## WORK INSTRUCTIONS
The range runs from the line containing "light blue satin" to the last line of the entries. Restate those lines word for word, without the pictures.

## SOURCE DATA
◆ ◆ ◆ ◆

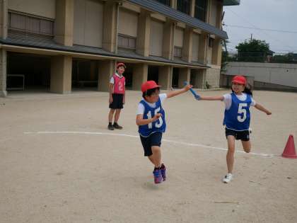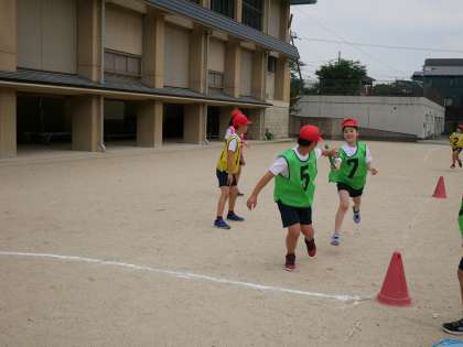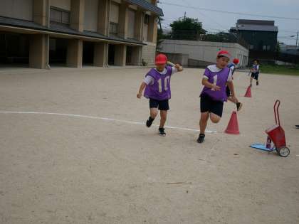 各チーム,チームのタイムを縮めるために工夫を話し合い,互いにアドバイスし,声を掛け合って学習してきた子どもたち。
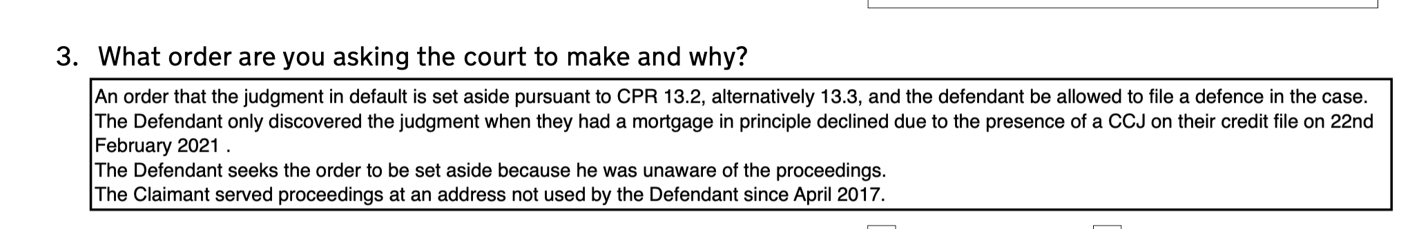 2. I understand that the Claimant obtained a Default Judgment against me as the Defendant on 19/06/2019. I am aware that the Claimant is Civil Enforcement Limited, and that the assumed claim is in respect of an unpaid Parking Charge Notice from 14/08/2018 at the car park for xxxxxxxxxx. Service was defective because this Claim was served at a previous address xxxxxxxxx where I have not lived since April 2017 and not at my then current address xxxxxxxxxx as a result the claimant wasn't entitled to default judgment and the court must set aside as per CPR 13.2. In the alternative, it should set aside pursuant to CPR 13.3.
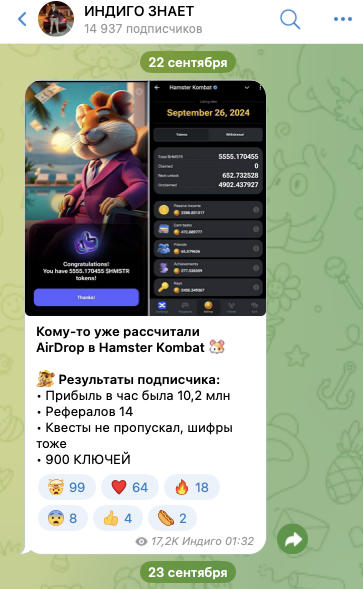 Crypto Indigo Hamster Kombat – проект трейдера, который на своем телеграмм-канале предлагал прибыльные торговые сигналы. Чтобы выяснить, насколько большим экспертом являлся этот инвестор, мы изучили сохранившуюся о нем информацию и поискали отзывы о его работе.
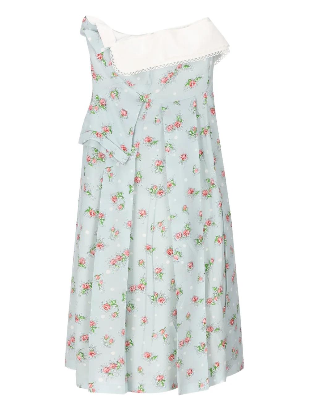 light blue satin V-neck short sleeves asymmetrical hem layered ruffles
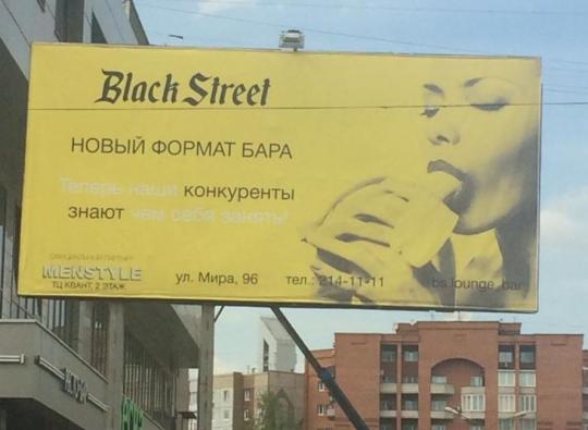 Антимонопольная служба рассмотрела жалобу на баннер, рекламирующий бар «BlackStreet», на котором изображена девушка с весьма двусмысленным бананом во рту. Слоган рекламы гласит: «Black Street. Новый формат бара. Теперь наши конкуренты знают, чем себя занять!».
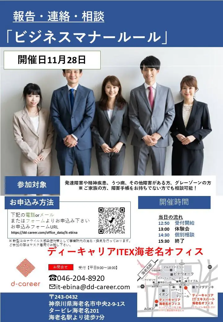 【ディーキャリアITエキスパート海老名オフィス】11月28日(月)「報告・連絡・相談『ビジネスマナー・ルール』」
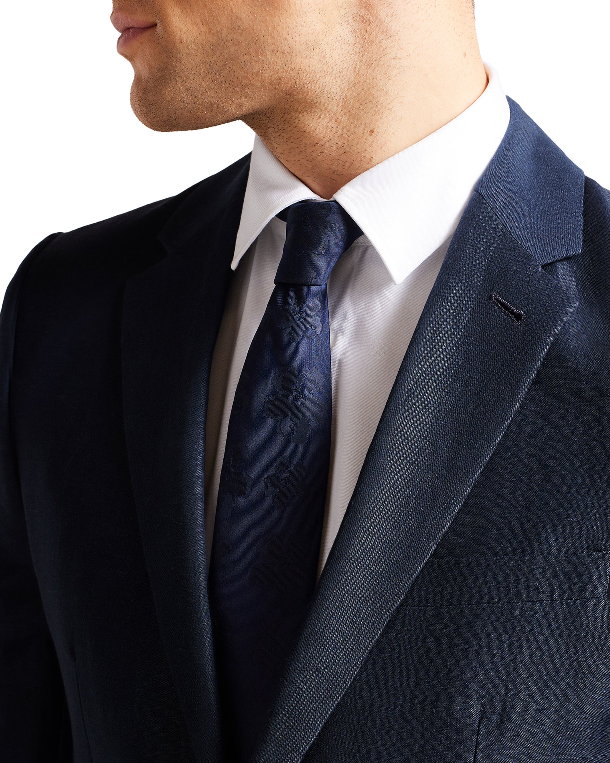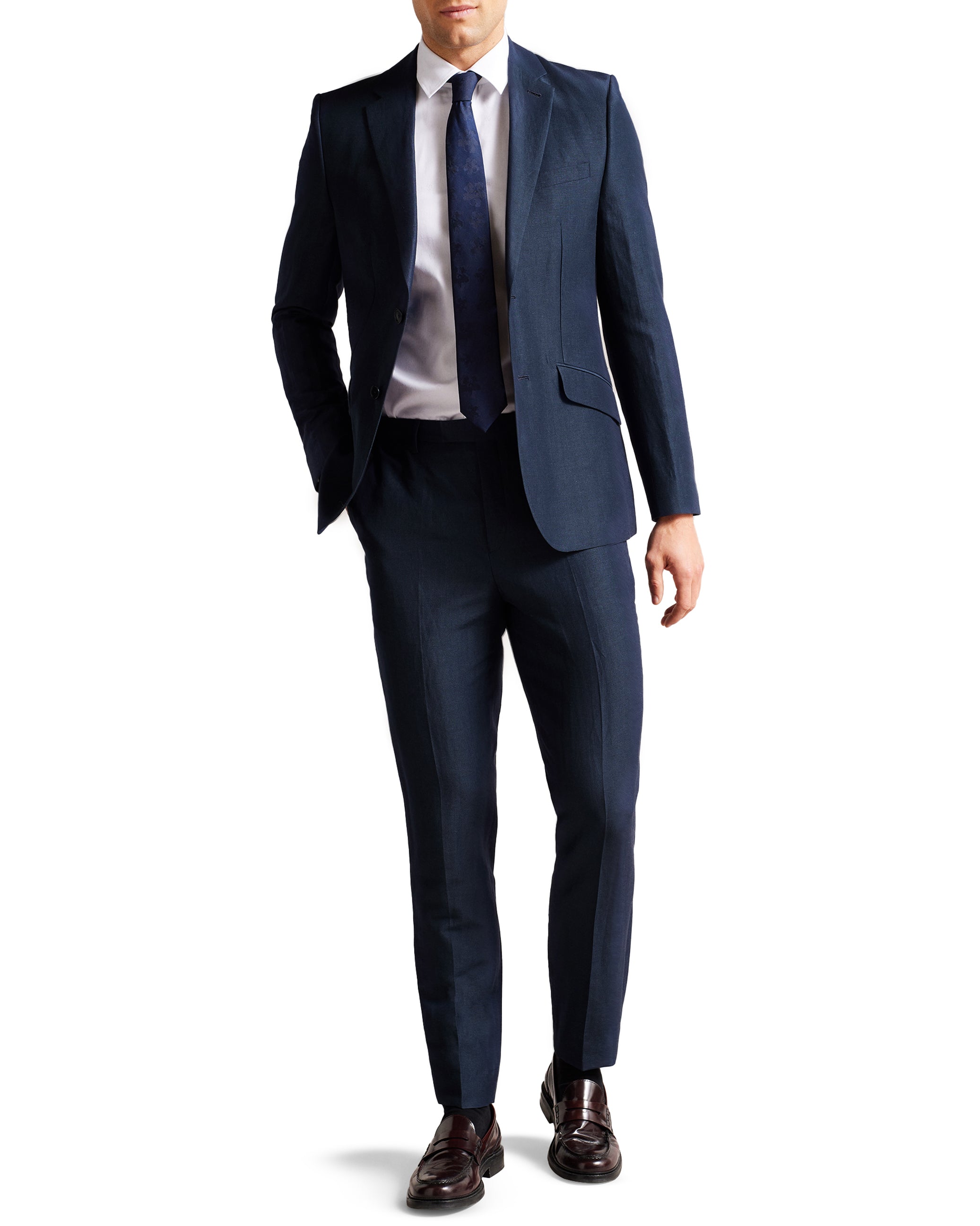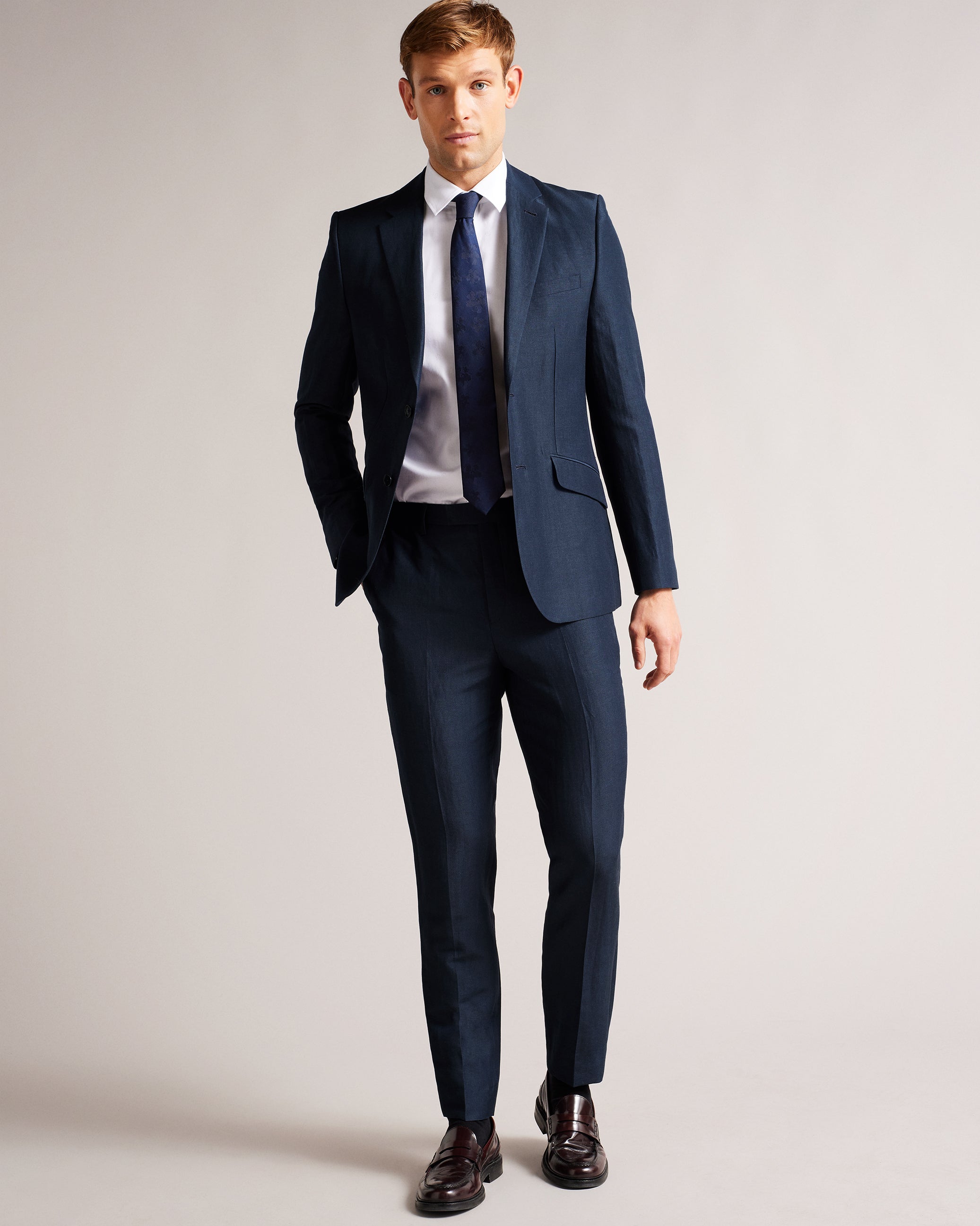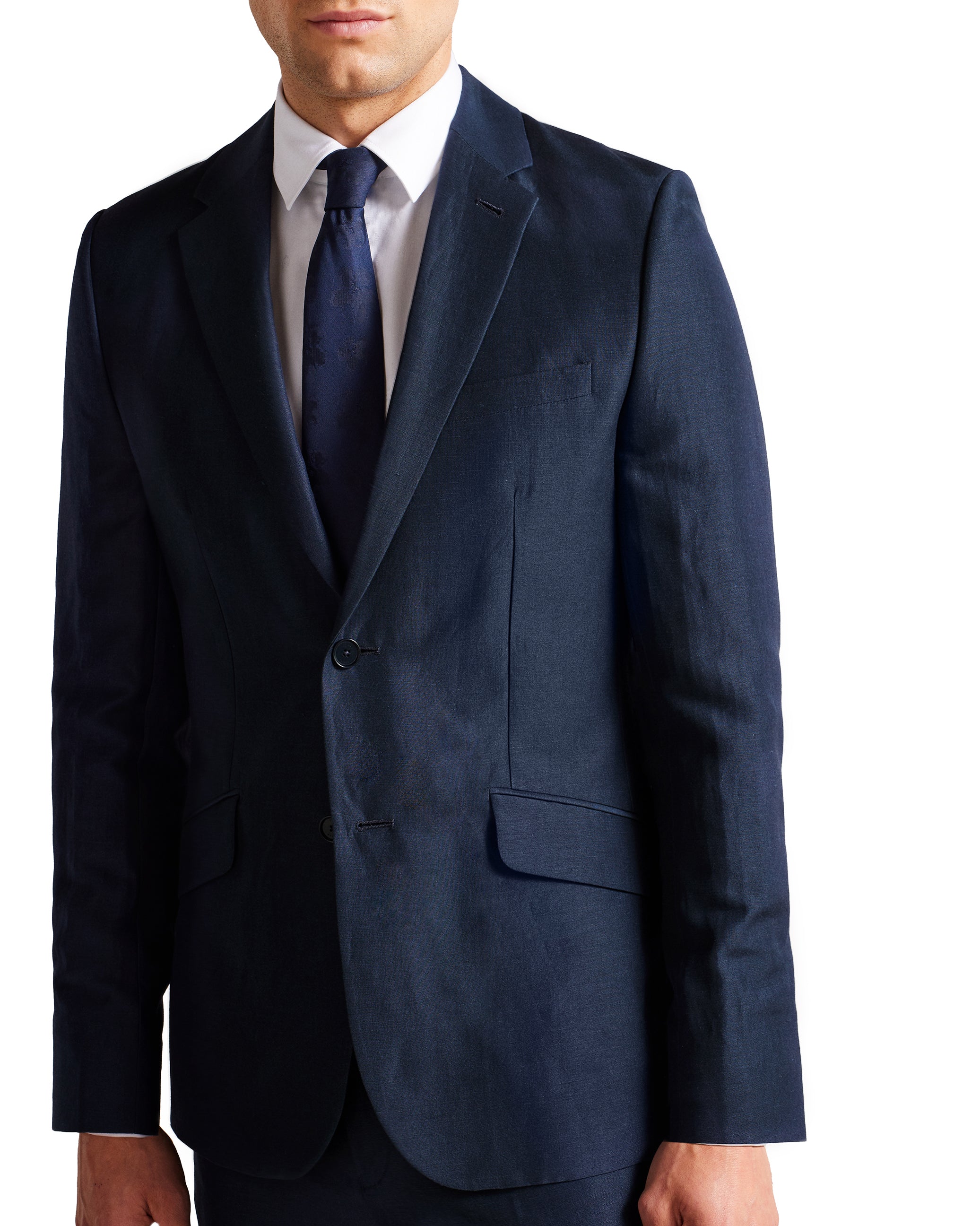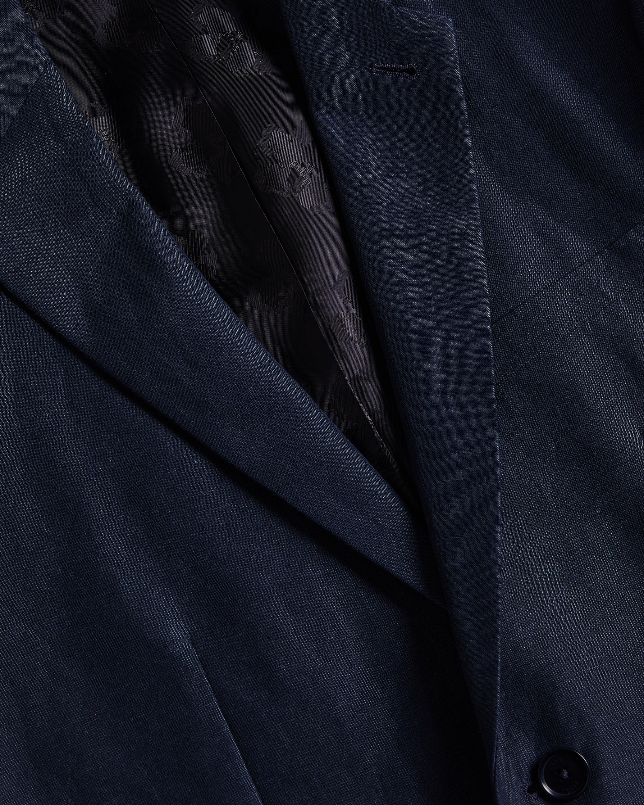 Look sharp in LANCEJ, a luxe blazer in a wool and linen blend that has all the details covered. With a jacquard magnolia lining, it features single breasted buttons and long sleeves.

◆ ◆ ◆ ◆

## EXERCISE RESULT
 light blue satin V-neck short sleeves asymmetrical hem layered ruffles
 Антимонопольная служба рассмотрела жалобу на баннер, рекламирующий бар «BlackStreet», на котором изображена девушка с весьма двусмысленным бананом во рту. Слоган рекламы гласит: «Black Street. Новый формат бара. Теперь наши конкуренты знают, чем себя занять!».
 【ディーキャリアITエキスパート海老名オフィス】11月28日(月)「報告・連絡・相談『ビジネスマナー・ルール』」
 Look sharp in LANCEJ, a luxe blazer in a wool and linen blend that has all the details covered. With a jacquard magnolia lining, it features single breasted buttons and long sleeves.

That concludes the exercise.